[RECORDS SHOWN — start]

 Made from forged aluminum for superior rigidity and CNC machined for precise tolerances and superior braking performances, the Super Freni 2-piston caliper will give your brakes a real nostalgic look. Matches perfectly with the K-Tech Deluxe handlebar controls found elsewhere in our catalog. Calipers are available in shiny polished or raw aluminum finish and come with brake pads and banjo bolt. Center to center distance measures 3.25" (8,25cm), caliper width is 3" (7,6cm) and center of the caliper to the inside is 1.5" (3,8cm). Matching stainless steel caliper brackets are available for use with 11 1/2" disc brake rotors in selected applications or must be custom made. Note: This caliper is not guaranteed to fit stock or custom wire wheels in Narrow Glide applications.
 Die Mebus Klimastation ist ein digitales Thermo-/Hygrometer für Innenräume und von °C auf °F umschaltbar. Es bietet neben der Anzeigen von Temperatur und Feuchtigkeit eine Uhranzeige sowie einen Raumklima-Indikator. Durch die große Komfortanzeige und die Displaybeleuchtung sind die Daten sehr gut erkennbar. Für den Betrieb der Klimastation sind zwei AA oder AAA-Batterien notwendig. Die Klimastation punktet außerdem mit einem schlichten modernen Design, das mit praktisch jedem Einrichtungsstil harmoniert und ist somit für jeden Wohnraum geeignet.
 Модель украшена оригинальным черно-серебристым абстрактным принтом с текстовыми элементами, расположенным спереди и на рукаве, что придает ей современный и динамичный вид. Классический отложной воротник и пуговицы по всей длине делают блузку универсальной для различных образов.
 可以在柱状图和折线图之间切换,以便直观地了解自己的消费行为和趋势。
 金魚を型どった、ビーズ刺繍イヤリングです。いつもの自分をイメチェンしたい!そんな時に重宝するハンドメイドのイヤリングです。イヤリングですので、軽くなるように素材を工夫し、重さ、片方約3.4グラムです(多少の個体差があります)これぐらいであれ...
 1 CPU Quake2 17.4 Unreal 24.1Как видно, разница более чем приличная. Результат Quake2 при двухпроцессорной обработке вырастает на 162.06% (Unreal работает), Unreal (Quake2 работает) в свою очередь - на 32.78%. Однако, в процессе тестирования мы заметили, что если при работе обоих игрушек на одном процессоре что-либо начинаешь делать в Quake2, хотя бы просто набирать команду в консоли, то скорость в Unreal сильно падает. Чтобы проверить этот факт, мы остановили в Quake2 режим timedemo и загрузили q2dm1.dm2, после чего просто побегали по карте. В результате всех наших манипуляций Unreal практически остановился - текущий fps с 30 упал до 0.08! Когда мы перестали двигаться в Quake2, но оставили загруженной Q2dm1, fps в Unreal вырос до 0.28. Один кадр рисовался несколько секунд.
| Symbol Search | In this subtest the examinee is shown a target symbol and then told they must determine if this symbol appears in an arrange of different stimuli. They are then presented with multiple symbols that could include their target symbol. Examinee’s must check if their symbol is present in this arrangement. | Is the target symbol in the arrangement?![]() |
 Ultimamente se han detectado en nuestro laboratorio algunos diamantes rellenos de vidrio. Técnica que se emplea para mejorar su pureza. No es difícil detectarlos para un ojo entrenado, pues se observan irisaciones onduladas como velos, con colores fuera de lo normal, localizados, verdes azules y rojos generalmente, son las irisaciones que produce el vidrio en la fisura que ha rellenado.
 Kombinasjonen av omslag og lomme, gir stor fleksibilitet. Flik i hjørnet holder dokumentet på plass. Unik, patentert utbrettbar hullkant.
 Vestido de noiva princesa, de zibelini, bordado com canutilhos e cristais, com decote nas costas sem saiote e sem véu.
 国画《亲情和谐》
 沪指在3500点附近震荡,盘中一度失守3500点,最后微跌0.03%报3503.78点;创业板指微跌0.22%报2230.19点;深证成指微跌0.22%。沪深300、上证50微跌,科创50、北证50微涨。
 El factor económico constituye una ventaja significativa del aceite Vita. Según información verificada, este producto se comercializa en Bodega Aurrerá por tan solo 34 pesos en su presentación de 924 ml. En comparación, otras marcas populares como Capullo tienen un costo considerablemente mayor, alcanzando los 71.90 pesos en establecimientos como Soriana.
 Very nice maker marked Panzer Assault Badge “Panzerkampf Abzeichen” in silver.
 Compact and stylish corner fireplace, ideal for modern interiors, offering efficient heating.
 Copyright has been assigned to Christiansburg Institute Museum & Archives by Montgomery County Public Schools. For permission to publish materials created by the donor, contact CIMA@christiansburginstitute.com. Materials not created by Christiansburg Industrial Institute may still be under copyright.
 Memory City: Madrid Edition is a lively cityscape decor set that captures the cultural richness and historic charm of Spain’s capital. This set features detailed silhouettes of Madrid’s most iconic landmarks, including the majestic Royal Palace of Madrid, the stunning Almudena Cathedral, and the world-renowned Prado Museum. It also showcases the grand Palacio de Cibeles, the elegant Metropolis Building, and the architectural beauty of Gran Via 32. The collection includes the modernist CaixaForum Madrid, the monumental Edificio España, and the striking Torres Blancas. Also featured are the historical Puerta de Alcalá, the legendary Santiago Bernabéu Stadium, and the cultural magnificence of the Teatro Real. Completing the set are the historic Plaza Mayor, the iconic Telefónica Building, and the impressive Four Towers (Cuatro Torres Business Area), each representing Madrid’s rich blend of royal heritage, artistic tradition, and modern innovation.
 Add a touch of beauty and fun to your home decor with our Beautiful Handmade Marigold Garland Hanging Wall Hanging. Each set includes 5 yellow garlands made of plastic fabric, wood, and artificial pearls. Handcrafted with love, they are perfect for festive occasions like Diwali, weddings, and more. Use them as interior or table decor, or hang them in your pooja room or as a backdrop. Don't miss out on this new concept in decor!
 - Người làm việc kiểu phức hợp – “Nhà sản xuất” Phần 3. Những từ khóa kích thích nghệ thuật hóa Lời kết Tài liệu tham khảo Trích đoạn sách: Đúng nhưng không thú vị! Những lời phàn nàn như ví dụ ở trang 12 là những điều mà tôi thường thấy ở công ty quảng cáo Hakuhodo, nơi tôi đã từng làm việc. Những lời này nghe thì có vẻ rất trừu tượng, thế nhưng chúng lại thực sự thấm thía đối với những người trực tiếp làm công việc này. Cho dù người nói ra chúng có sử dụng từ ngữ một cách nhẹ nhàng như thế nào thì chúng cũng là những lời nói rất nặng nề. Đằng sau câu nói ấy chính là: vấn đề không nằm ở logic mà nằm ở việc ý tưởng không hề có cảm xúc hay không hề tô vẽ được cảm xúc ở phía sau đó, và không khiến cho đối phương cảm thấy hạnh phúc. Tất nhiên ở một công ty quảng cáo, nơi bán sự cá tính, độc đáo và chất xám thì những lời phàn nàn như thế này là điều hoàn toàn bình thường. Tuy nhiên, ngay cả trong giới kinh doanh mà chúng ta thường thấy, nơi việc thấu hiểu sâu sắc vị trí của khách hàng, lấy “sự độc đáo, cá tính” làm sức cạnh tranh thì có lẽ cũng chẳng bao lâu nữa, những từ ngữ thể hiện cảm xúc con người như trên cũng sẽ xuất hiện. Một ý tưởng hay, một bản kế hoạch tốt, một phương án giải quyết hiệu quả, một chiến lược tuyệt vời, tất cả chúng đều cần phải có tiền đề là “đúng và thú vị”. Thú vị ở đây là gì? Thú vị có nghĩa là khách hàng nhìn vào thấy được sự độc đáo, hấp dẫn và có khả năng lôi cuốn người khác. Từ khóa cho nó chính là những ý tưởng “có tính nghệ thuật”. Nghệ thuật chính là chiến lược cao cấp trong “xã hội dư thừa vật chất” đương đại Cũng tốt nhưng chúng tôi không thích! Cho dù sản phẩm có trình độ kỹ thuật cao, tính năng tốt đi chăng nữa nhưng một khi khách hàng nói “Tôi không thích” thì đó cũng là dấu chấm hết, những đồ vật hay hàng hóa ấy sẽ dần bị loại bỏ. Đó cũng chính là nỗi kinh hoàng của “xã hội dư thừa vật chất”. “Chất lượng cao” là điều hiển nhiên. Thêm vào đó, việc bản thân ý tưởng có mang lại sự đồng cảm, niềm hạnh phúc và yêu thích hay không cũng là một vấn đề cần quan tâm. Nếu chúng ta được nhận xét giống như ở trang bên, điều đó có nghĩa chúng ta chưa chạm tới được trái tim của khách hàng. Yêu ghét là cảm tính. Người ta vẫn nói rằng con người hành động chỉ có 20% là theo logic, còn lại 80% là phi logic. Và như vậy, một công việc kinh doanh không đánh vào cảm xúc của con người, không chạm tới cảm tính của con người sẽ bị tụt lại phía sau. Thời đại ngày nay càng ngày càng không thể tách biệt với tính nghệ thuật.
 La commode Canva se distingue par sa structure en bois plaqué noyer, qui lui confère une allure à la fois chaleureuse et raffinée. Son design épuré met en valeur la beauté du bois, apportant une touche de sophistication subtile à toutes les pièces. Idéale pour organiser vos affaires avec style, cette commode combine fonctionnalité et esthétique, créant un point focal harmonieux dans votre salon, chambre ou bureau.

[RECORDS SHOWN — finish]

→ ABOUT THIS TASK
The expected output is exactly the lines of the listing above between the line holding "Ultimamente se han" and the line holding "Copyright has been", inclusive.

→ TASK RESULT
 Ultimamente se han detectado en nuestro laboratorio algunos diamantes rellenos de vidrio. Técnica que se emplea para mejorar su pureza. No es difícil detectarlos para un ojo entrenado, pues se observan irisaciones onduladas como velos, con colores fuera de lo normal, localizados, verdes azules y rojos generalmente, son las irisaciones que produce el vidrio en la fisura que ha rellenado.
 Kombinasjonen av omslag og lomme, gir stor fleksibilitet. Flik i hjørnet holder dokumentet på plass. Unik, patentert utbrettbar hullkant.
 Vestido de noiva princesa, de zibelini, bordado com canutilhos e cristais, com decote nas costas sem saiote e sem véu.
 国画《亲情和谐》
 沪指在3500点附近震荡,盘中一度失守3500点,最后微跌0.03%报3503.78点;创业板指微跌0.22%报2230.19点;深证成指微跌0.22%。沪深300、上证50微跌,科创50、北证50微涨。
 El factor económico constituye una ventaja significativa del aceite Vita. Según información verificada, este producto se comercializa en Bodega Aurrerá por tan solo 34 pesos en su presentación de 924 ml. En comparación, otras marcas populares como Capullo tienen un costo considerablemente mayor, alcanzando los 71.90 pesos en establecimientos como Soriana.
 Very nice maker marked Panzer Assault Badge “Panzerkampf Abzeichen” in silver.
 Compact and stylish corner fireplace, ideal for modern interiors, offering efficient heating.
 Copyright has been assigned to Christiansburg Institute Museum & Archives by Montgomery County Public Schools. For permission to publish materials created by the donor, contact CIMA@christiansburginstitute.com. Materials not created by Christiansburg Industrial Institute may still be under copyright.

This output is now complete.